Summary. The manuscript introduces the Deep Deterministic Policy Gradient (DDPG) algorithm, an actor-critic method that adapts deterministic policy gradients together with deep networks, experience replay, and target networks to continuous action spaces. It claims that a single fixed network architecture, hyperparameter set, and learning procedure robustly solves more than 20 simulated physics tasks (cart-pole swing-up, dexterous manipulation, legged locomotion, car driving) and produces policies competitive with a planning baseline that has full access to dynamics and derivatives; it further shows end-to-end learning directly from raw pixel observations.

Significance. If the reported robustness holds under scrutiny, the work is significant: it supplies a practical, model-free algorithm that bridges the discrete-action successes of DQN to continuous control without per-task retuning, and it supplies a clear, reproducible description of the method together with broad empirical coverage across locomotion and manipulation domains. These elements have clear downstream value for robotics and autonomous systems.

major comments (2)

[§4 (Experiments)] §4 (Experiments) and associated figures: the central claim that the identical hyperparameter set and architecture 'robustly solves' more than 20 tasks spanning cart-pole to driving is load-bearing for the paper's contribution, yet the reported results consist of single learning curves without error bars, multi-seed statistics, or sensitivity sweeps over initialization, exploration-noise scale, or critic learning rate. This leaves open the possibility that reported successes reflect favorable random seeds or implicit per-task choices rather than intrinsic stability of DPG + replay + target networks.
[§4 and Algorithm 1] §4 and Algorithm 1: no ablation isolates the contribution of replay buffer, target-network soft updates, or the Ornstein-Uhlenbeck exploration process across the task suite. Because the robustness assertion rests on the claim that this specific combination prevents divergence on diverse dynamics, the absence of component-wise controls makes it impossible to determine which elements are necessary for the observed stability.

minor comments (2)

[§3] The description of the critic target in Eq. (2) and the soft-update rule for target networks could be written with explicit time indices to avoid ambiguity when readers re-implement the algorithm.
[§4] Several learning-curve plots lack axis labels or legend entries that distinguish training versus evaluation returns; this reduces clarity but does not affect the central empirical claim.

Simulated Author's Rebuttal

2 responses · 0 unresolved

We thank the referee for the constructive review and positive assessment of the work's significance. We address each major comment below, committing to revisions where they strengthen the manuscript without misrepresenting our original results.

read point-by-point responses

Referee: [§4 (Experiments)] §4 (Experiments) and associated figures: the central claim that the identical hyperparameter set and architecture 'robustly solves' more than 20 tasks spanning cart-pole to driving is load-bearing for the paper's contribution, yet the reported results consist of single learning curves without error bars, multi-seed statistics, or sensitivity sweeps over initialization, exploration-noise scale, or critic learning rate. This leaves open the possibility that reported successes reflect favorable random seeds or implicit per-task choices rather than intrinsic stability of DPG + replay + target networks.
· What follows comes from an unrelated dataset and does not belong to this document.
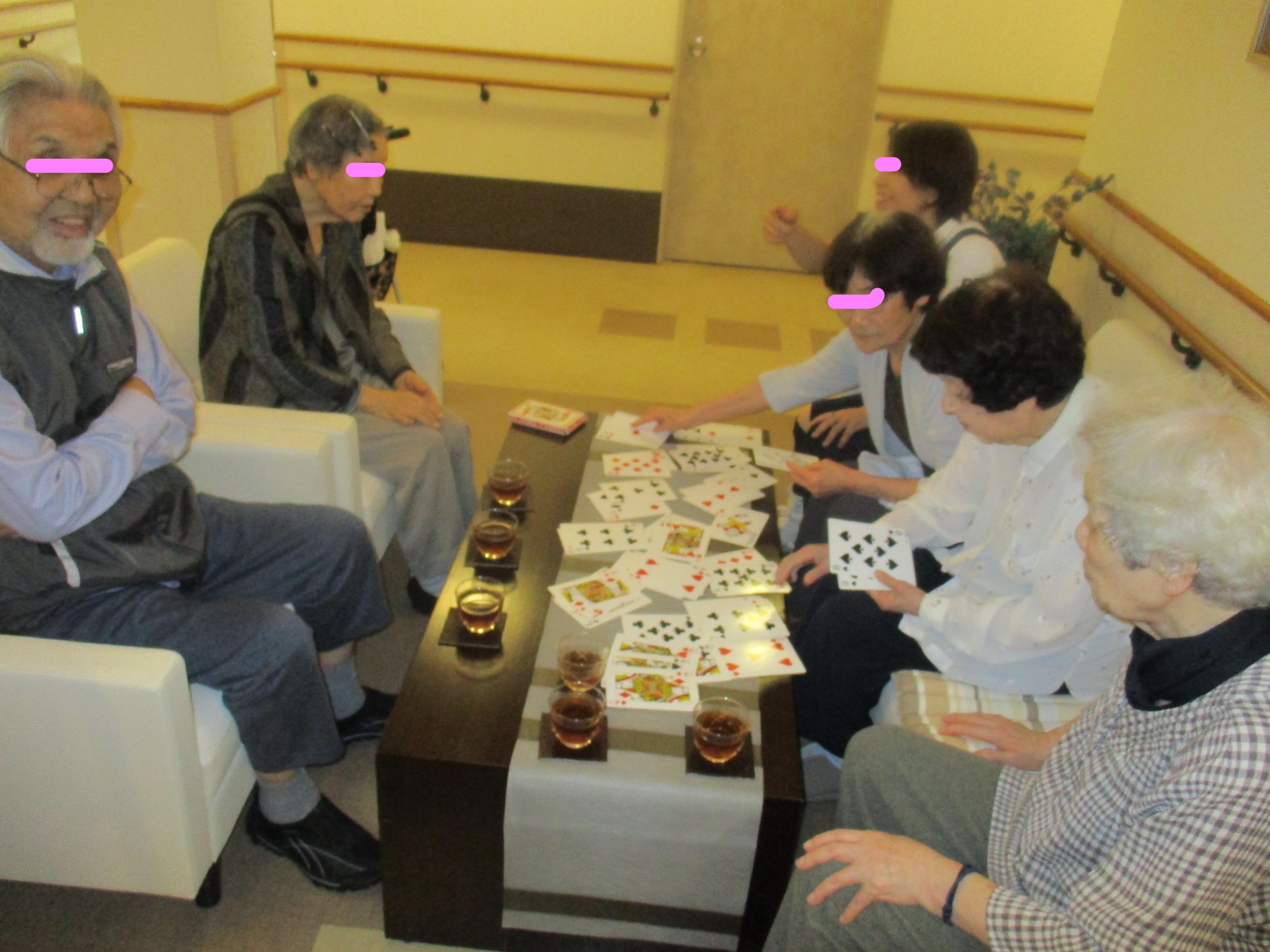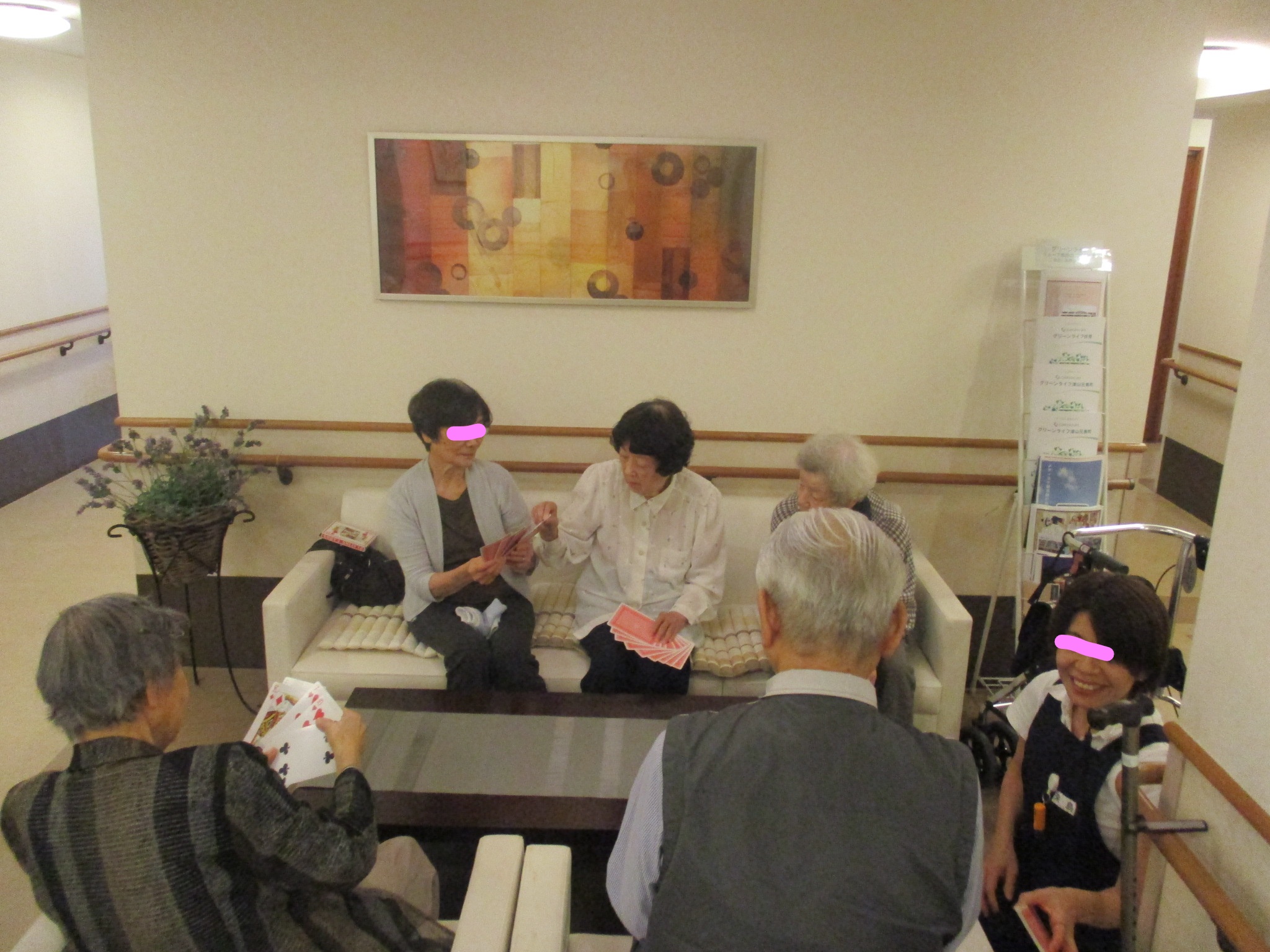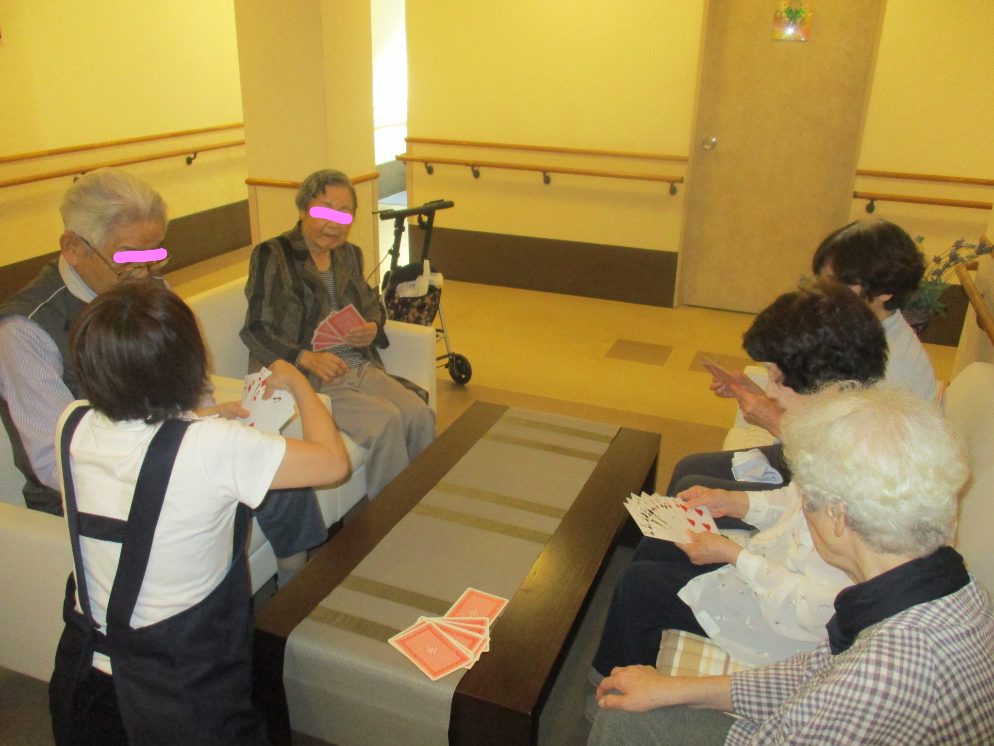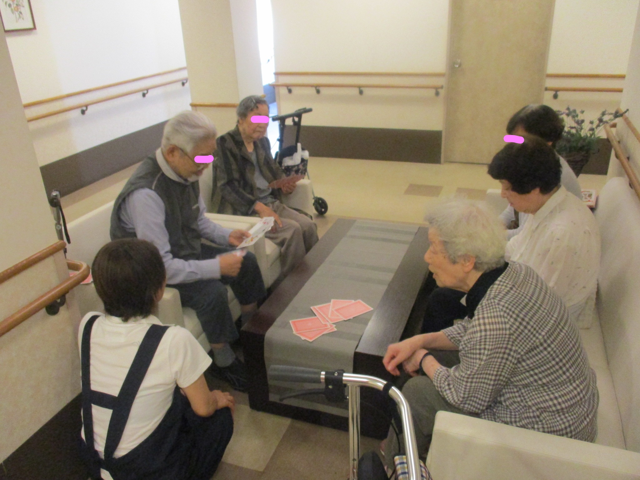 午後のひととき、楽しそうな笑い声がフロアに響いてきたので何事かと様子を見に行くと、談話スペースで百人一首を皆で楽しまれていました。

Authors: We agree that single-run learning curves limit statistical assessment of variability and robustness. The original experiments used a fixed seed for reproducibility across the diverse task suite, and the competitive performance against a full-information planner on more than 20 tasks (from cart-pole to locomotion and driving) with no per-task retuning provides supporting evidence that successes are not merely lucky seeds. To directly address the concern, we will rerun key experiments with multiple random seeds, add mean curves with standard-error bars, and include a brief sensitivity analysis on exploration noise in the revised manuscript. revision: yes
Referee: [§4 and Algorithm 1] §4 and Algorithm 1: no ablation isolates the contribution of replay buffer, target-network soft updates, or the Ornstein-Uhlenbeck exploration process across the task suite. Because the robustness assertion rests on the claim that this specific combination prevents divergence on diverse dynamics, the absence of component-wise controls makes it impossible to determine which elements are necessary for the observed stability.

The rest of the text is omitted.